Well no. That was not the case I made. I simply stated that a ghostwriting campaign does not fit what most corps would do. Now I know there have been "elected officials" that have done that and I sure wouldn't put it past some wacko group like the the CAGW.
"but elected officials are bad"
Generally yes. If you trust them then you are pretty arrogant. Judges are careful on the decisions they make (especially federal) because they are appointed and promoted by the President. So therefore they are not "Elected Officials" they are appointed. They must kiss ass to get somewhere. I don't trust politicians any farther than I can throw them. They will tell you anything and do anything just to get a vote and keep them in office where they don't have to work. There are some officials that don't fit this rule to a "T" but I wouldn't go taking off your sox to count them.

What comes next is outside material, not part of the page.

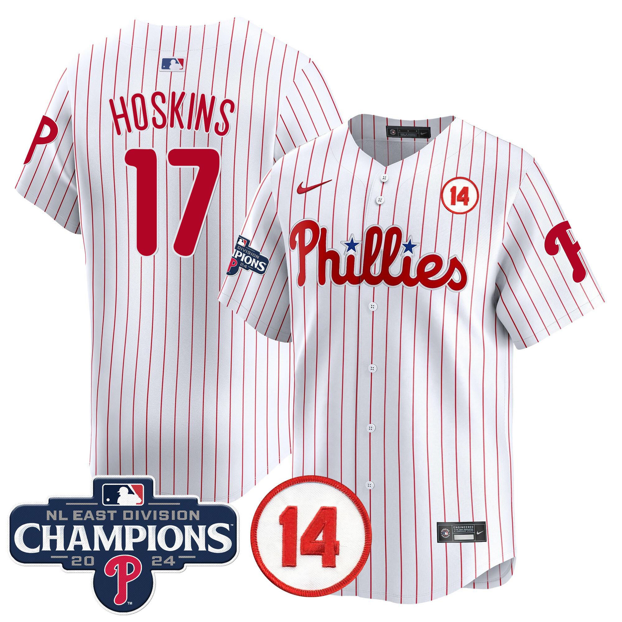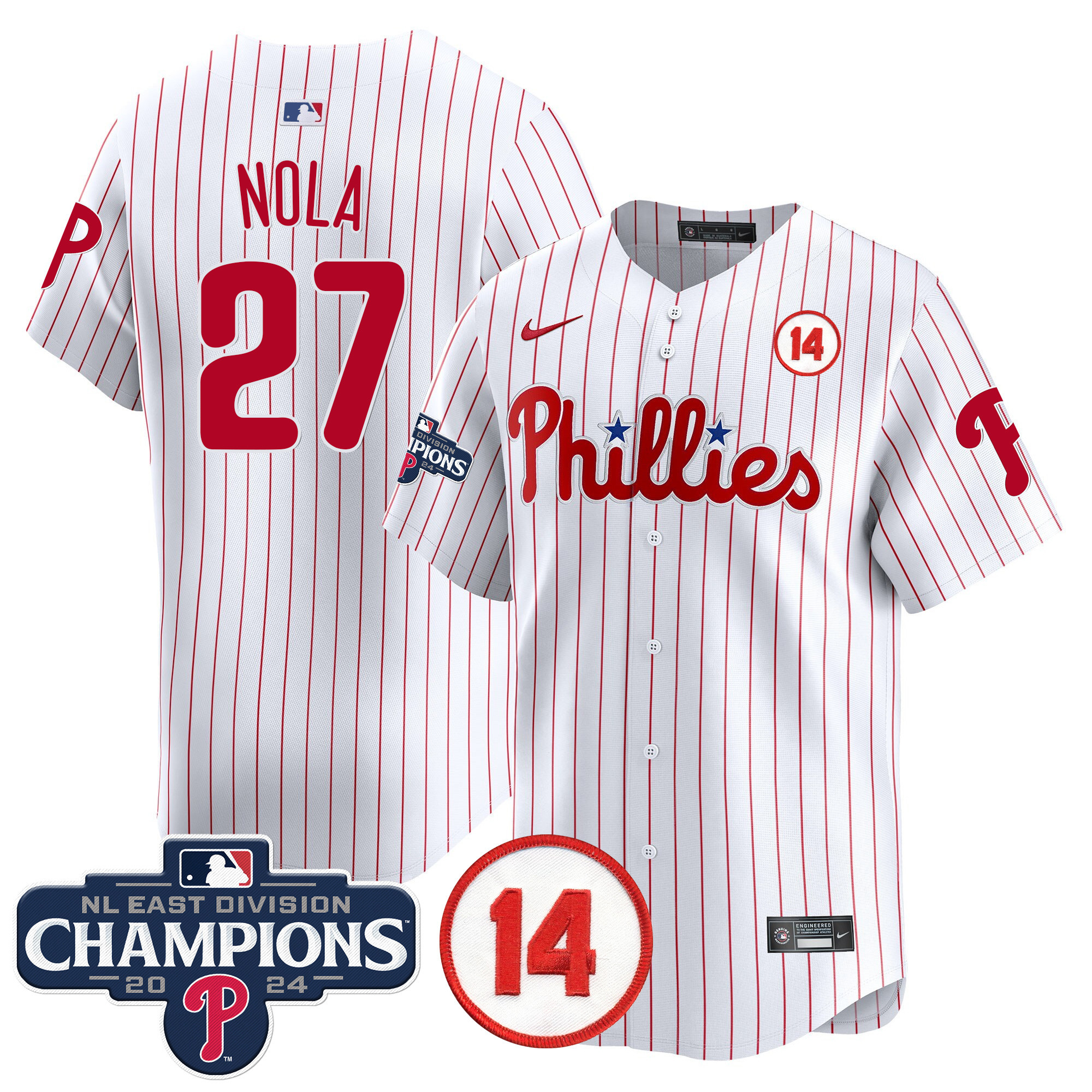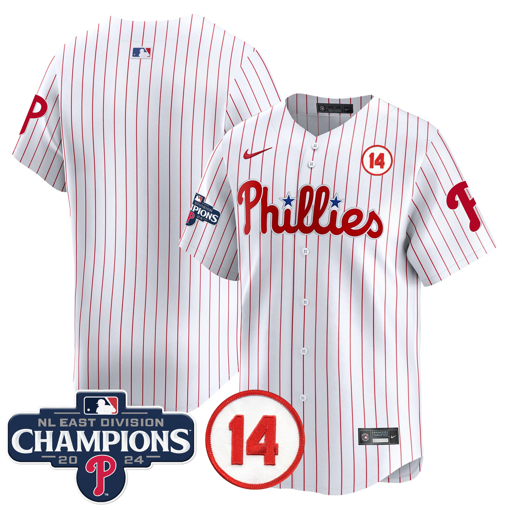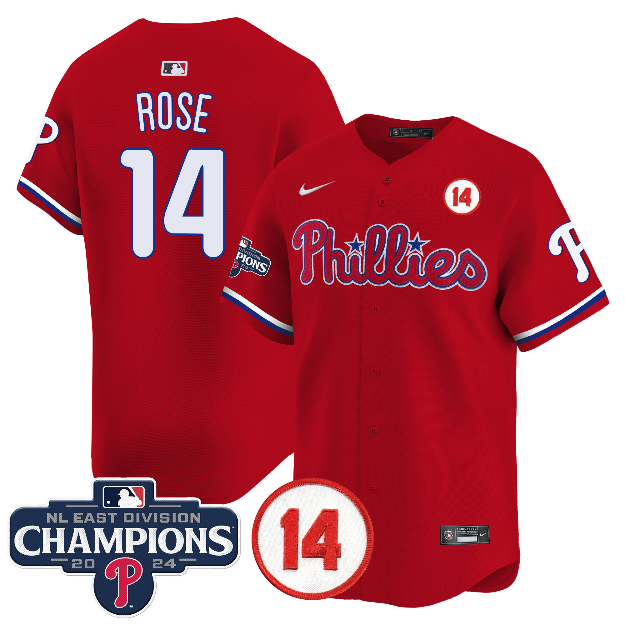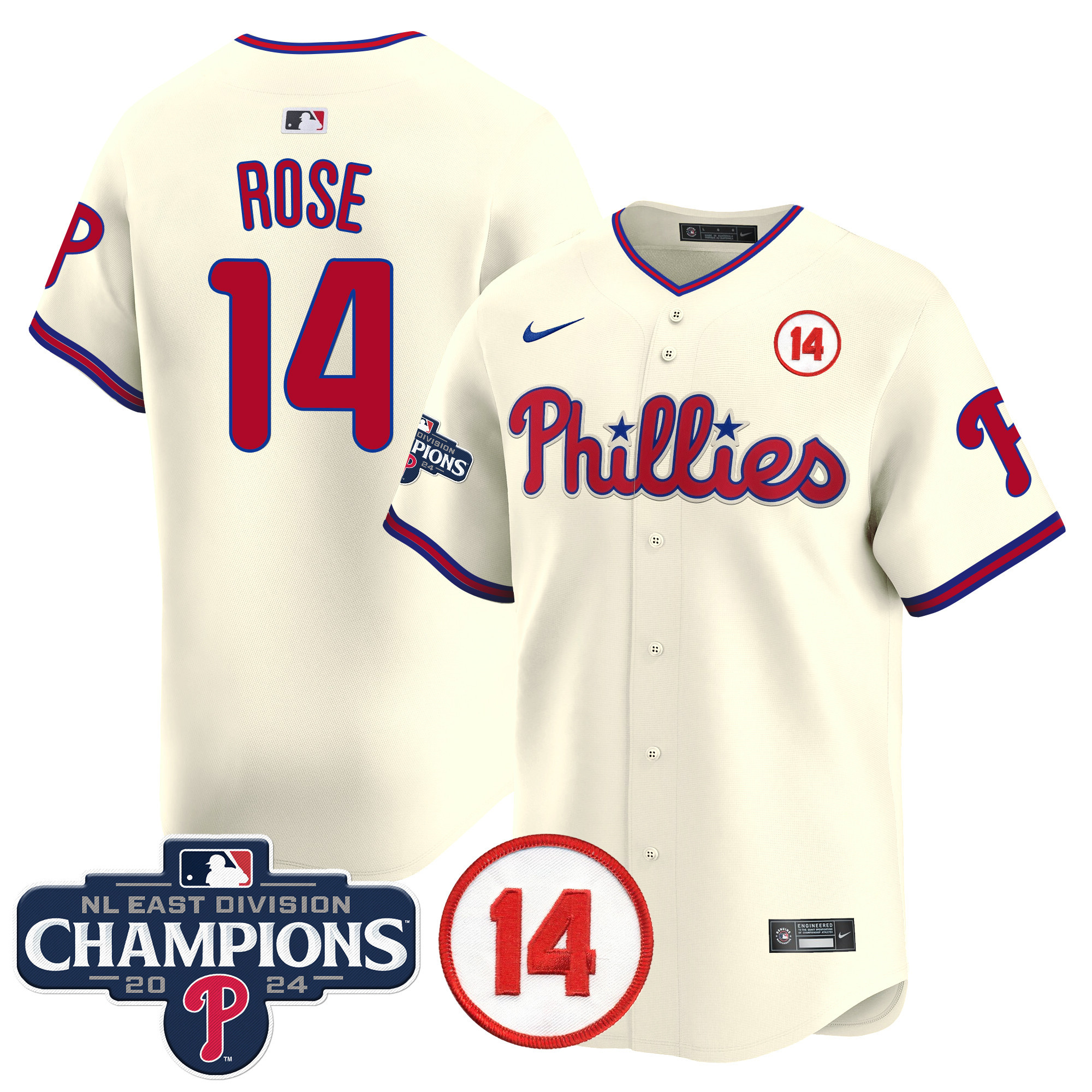 Men’s Phillies 2024 NL East Division Champions & Pete Rose Patch Vapor Premier Limited Jersey – All Stitched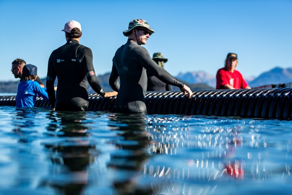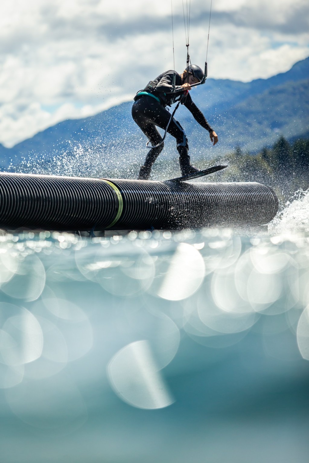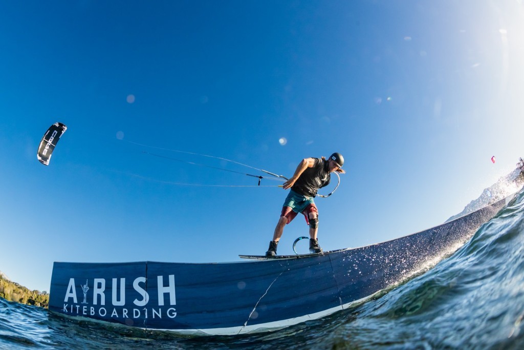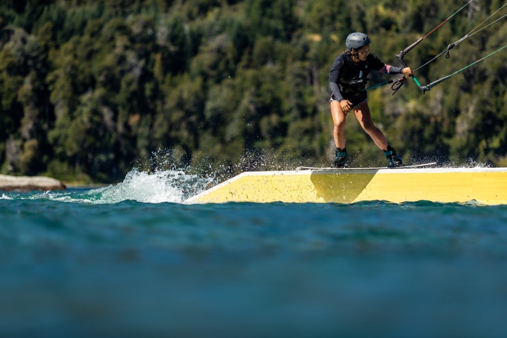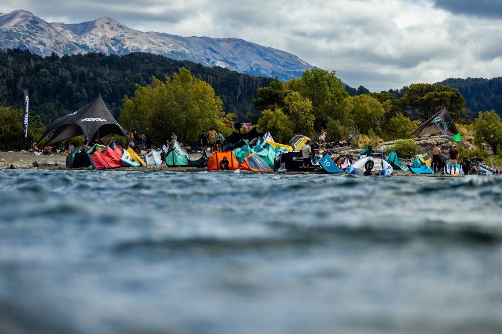 Back to the event! The spot is on an island in the Bahia Manzano area; it’s quite a unique spot as it’s rare to find flat water that is relatively shallow in these outstanding and untouched lakes. Thanks to its location, the wind gets smooth because it’s in the middle of the lake, as far as it can be from the mountain line, leaving the mountains just as a backdrop, which feature in a lot of the stunning shots Andre Magarao took during the event.

"Or are you just saying whatever you want at the moment to support your desired view of the world?"
That isn't a view of the world just of our political system which people so blindly follow. The two parties have things so locked down that for an Independant in my state to get on the ballot he/she must get 100k signatures on a petition, when the persons who win the congressional seats have never got that many votes to start with. And as far as my view on the judges, especially in the MS case, read the transcripts like I have and you can tell he wasn't being unbiased.
Anyway your post was worthless because you did nothing to negate my either of my above statements. Rather, you tried to make them sound as if they were even on the same topic. One was about the way the judges have handled the case as a whole. The other topic was about the validity of a statement that said MS was behind ghostwriting campains and a discussion about the article in question.
Just seems like another Penguin Thumper has simply skimmed some paragraphs and made up his mind without thought or fact doesn't it?